In its January 30, 2020 order, the Commission partially granted PennEast's requests. With respect to whether a certificate holder’s right to condemn land pursuant to NGA section 7(h) applies to property in which a state holds an interest, the Commission found that that NGA section 7(h) does not limit a certificate holder’s right to exercise eminent domain authority over state-owned land. The Commission further found that NGA section 7(h) delegates eminent domain authority solely to certificate holders and not to the Commission. The Commission also found that NGA section 7(h) necessarily delegates the federal government’s exemption from state sovereign immunity, but denied PennEast's petition to the extent that it would require the Commission to evaluate the constitutional sufficiency of NGA section 7(h) for purposes of abrogating state sovereign immunity or delegating federal authority under the Eleventh Amendment.
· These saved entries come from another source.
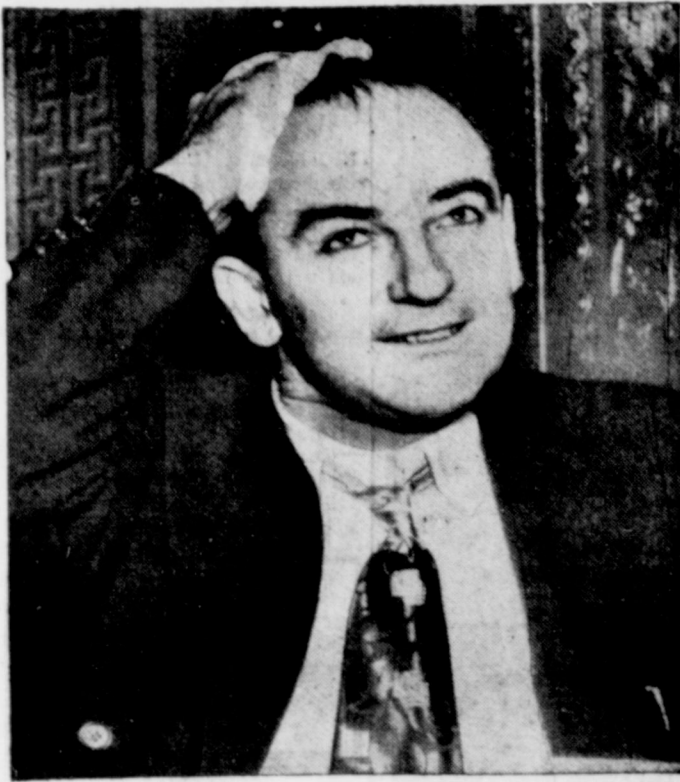
THINGS ARE GETTING HOT—Red-hunting Sen. Joseph McCarthy of Wisconsin seems to be feeling the heat during the controversy over alleged Communies in the State Department. President Truman's blast that McCarthy is "the Kremlin's greatest asset in this country" didn't cool things off.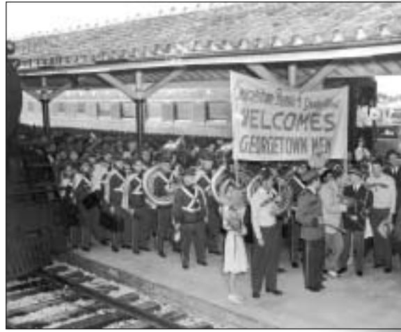
1941 Orange Bowl: Hoya faithful await Georgetown's arrival in Miami.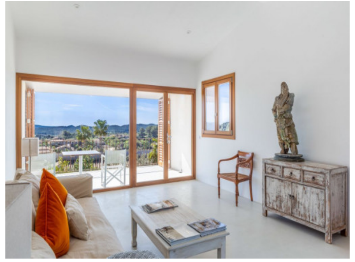
Separate living area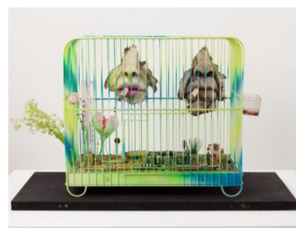
Tetsumi Kudo: Cultivation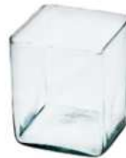
W-KW 10x10x12 height: 120 top: 100 bottom: 100 q/p: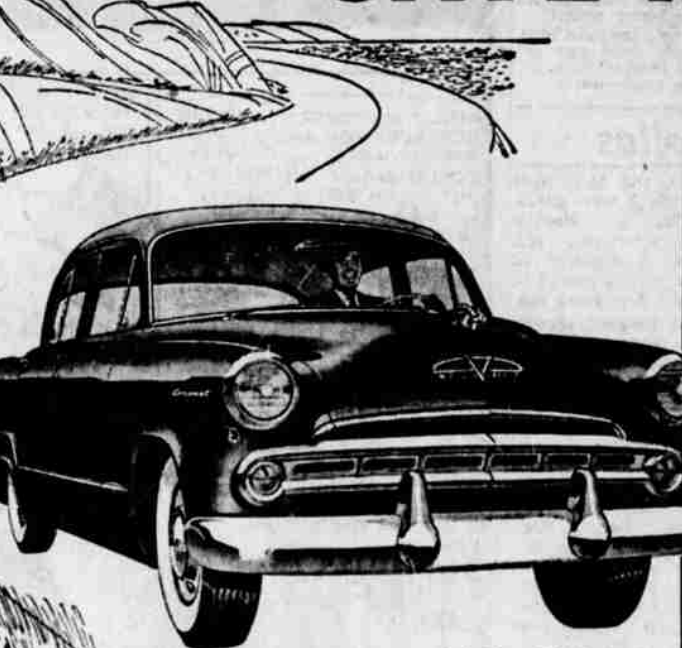
Dodge Coronet V-8 4-door Sedan

Lower Down Payments! Lower Monthly Payments! This is the Time to "Step-Up" to the Winner! Right now, your dependable Dodge Dealer offers you top trade-in allowance on your present car. It may never be worth so much again. This is your opportunity to step up to the extra power, safety and handling ease that make this '53 Dodge the Action Car of the Year. This is your chance to own the winner... to drive and enjoy the car that topped all other 8's in the Mobilgas Economy Run; streaked to new records in official AAA performance trials; won top Awards for style and beauty! Come in today. Step up to a Dodge and save!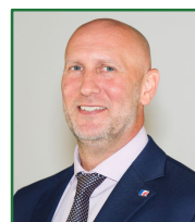
Senior Management Team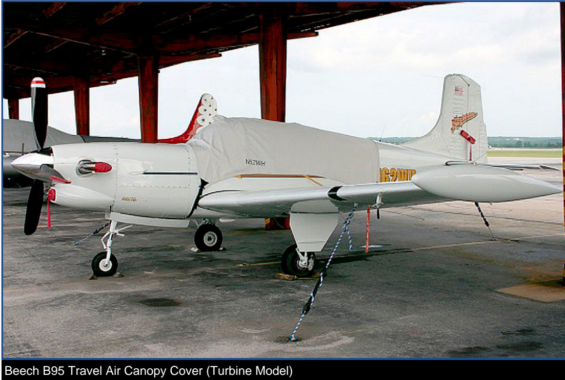
Beech B95 Travel Air Canopy Cover (Turbine Model)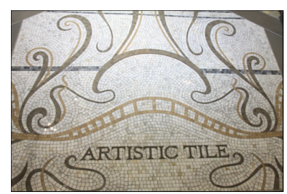
Artistic Tile Showroom Trostrud Mosaic & Tile Co., Inc.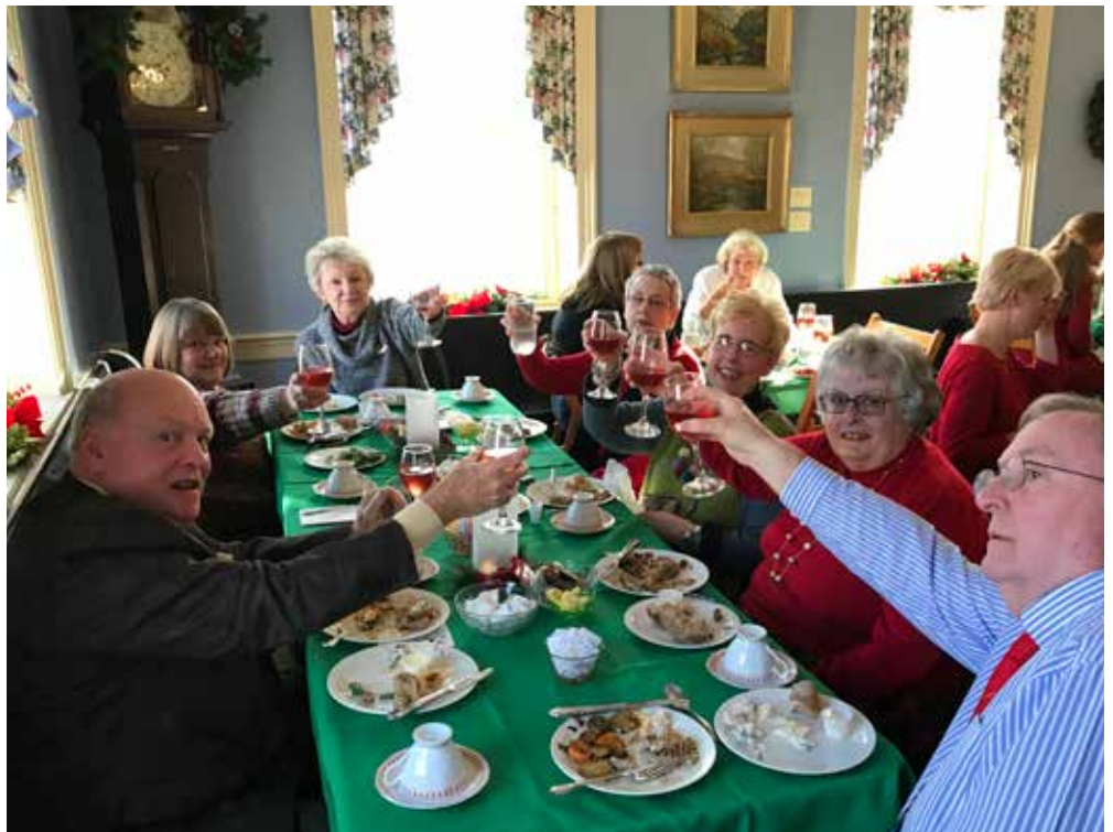
Members of the Stroudsburg High School Class of 1963 raise their glasses in festive cheer during the Holiday Luncheon at the Stroud Mansion.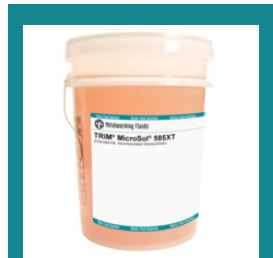
5-gallon pail SKU: MS585XT-5G UPC-12: 641238065821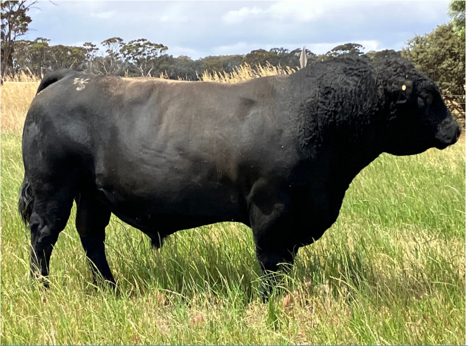
WOONALLEE PHYSIO (PP) (AI) (B)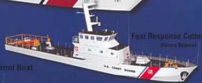
Fast Response Cutter (FRC) (Future System)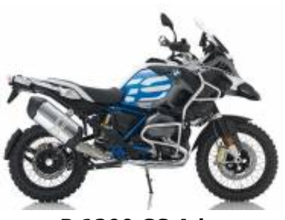
R 1200 GS Adv + $280.76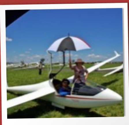
MISS SUNSHADE AT WORK

And finally all ground crew must be able to relax and enjoy both the quiet time when the glider is in the air and when a successful day is concluded. Ground crew must be able to deal with bullshit.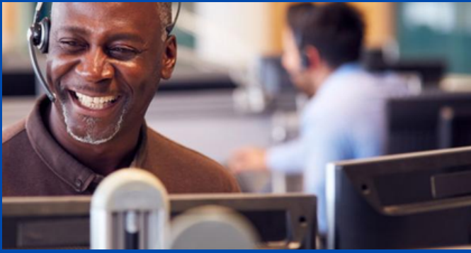
Save My Home Hotline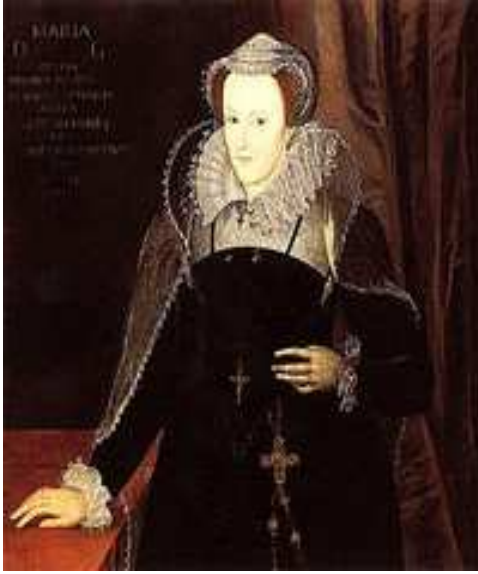
Mary Stuart in captivity, c.1578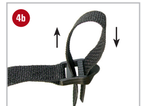
Ribs on buckle should face up. Thread strap through buckle as shown.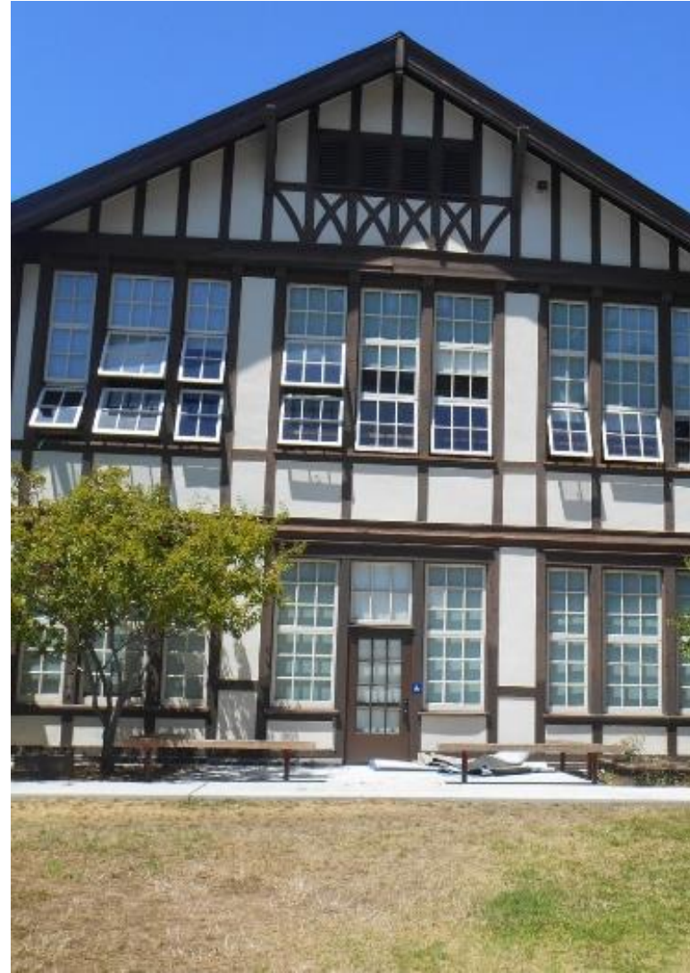
John Muir E.S.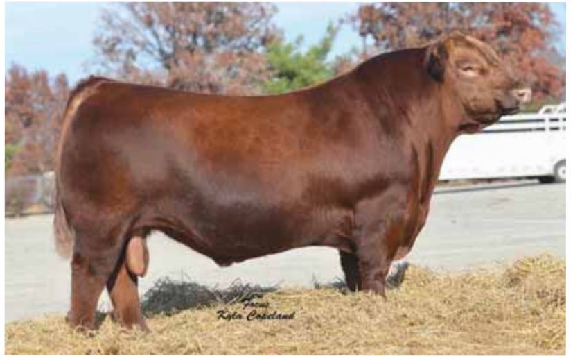
SIRE: Silverias Mission Nexus 1378, sire of Lots 28A & 28B embryos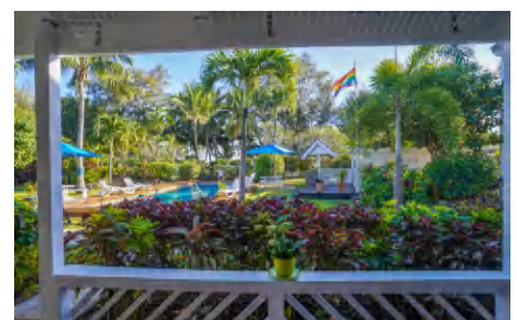
Swimming Pool from Cabana 6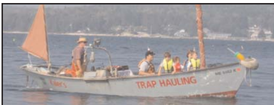
Lobstering aboard the Hunky Dory .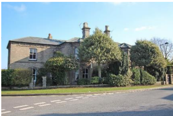
Nos.1 & 3 Flixton Road

Nos.1 & 3 Flixton Road, walls and gate piers. A semi-detached pair of houses prominently located at the junction of Bardolph and Flixton Roads. Also visible from Laburnum Road. Shown on the 1885 Ordnance survey map and probably dating from c1870. Gault brick with a Welsh slate roof. Decorative corbelled eaves cornice, pilasters, and two storey canted bay windows. Original plate glass sashes largely preserved. Subsidiary Structures Good contemporary gault brick gate piers and low boundary wall. Tall nineteenth century red brick wall to Laburnum Road.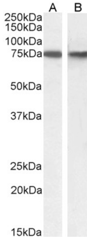
EB09792 (1 \mu g/ml) staining of HeLa (A) and (0.1 \mu g/ml) U2OS (B) cell lysate (35 \mu g protein in RIPA buffer).. Detected by chemiluminescence.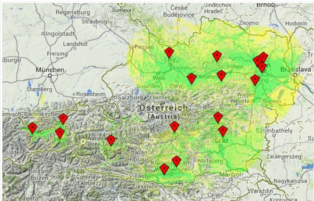
Darstellung der Motorola DMR Abdeckung in Österreich auf TG232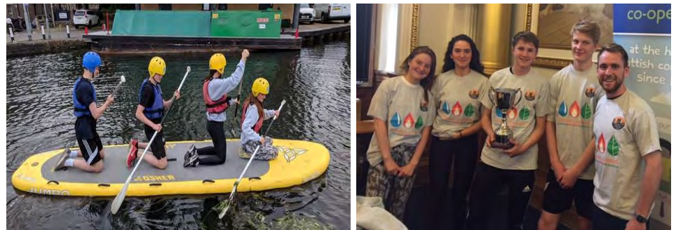
Boroughmuir's winning team in action on the canal and with their trophy

In June 11 teams took part in our annual adventure race across the city; the Convenor's Challenge . Now in its 4 th year, teams of 4 senior pupils and staff member scored points on adventure activities such as paddling, mountain biking and orienteering, and tweeting from the City's seven summits. This year was our most closely contested so far – Boroughmuir narrowly taking a well-deserved victory!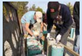
"Friend of the Bays" Award Winners, see page 7.

The Inland Bays Journal is a publication of the Delaware Center for the Inland Bays. The CIB is a nonprofit organization and a National Estuary Program. The purpose of the Inland Bays Journal is to educate and inform citizens and visitors to the Inland Bays watershed about this "estuary of national significance."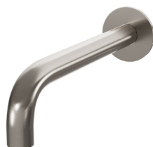
Brushed Nickel SP090-220-BN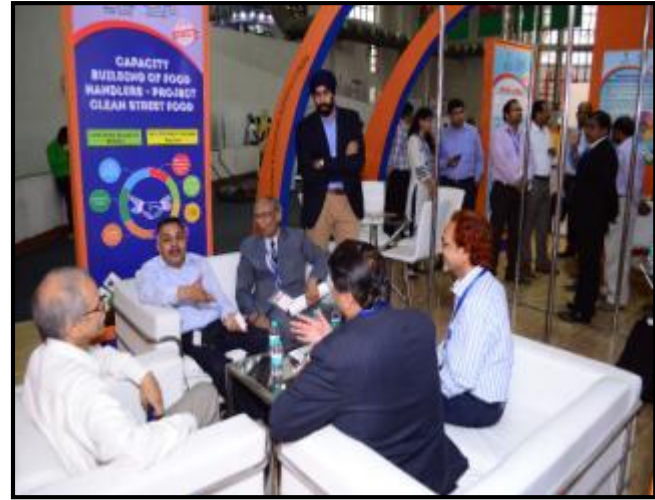
Chairperson and Chief Executive Officer in Conversation with FBOs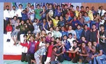
Kerala secured overall championship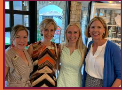
New Member Event at Adelante - September 9th, 2019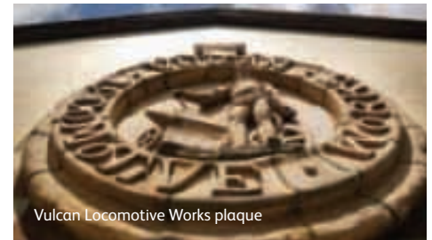
Vulcan Locomotive Works plaque

The majority order concludes:
In enacting the NGA, Congress established a carefully crafted comprehensive scheme in which the Commission was charged with vindicating the public interest inherent in the transportation and sale of natural gas in interstate and foreign commerce, in significant part through the issuance of certificates of public convenience and necessity for interstate gas pipelines. A key aspect of this scheme was the remit to natural gas companies of the ability to exercise, where necessary, the power of eminent domain to acquire lands needed for projects authorized by the Commission. We here confirm our strong belief that NGA section 7(h) empowers natural gas companies, and not the Commission, to exercise eminent domain and that this authority applies to lands in which states hold interest. A contrary finding would be flatly inconsistent with Congressional intent, as expressed in the text of NGA section 7(h), which is also supported by the legislative history.
Commissioner Glick dissented on both procedural and substantive grounds and provided a separate statement, arguing that the Commission did not need "to insert itself into what is primarily a constitutional question that is being litigated where those questions belong: The federal courts." Commissioner Glick also disagreed with the majority that Congress unambiguously intended section 7(h) to apply state lands, finding that "the evidence simply is not clear one way or the other."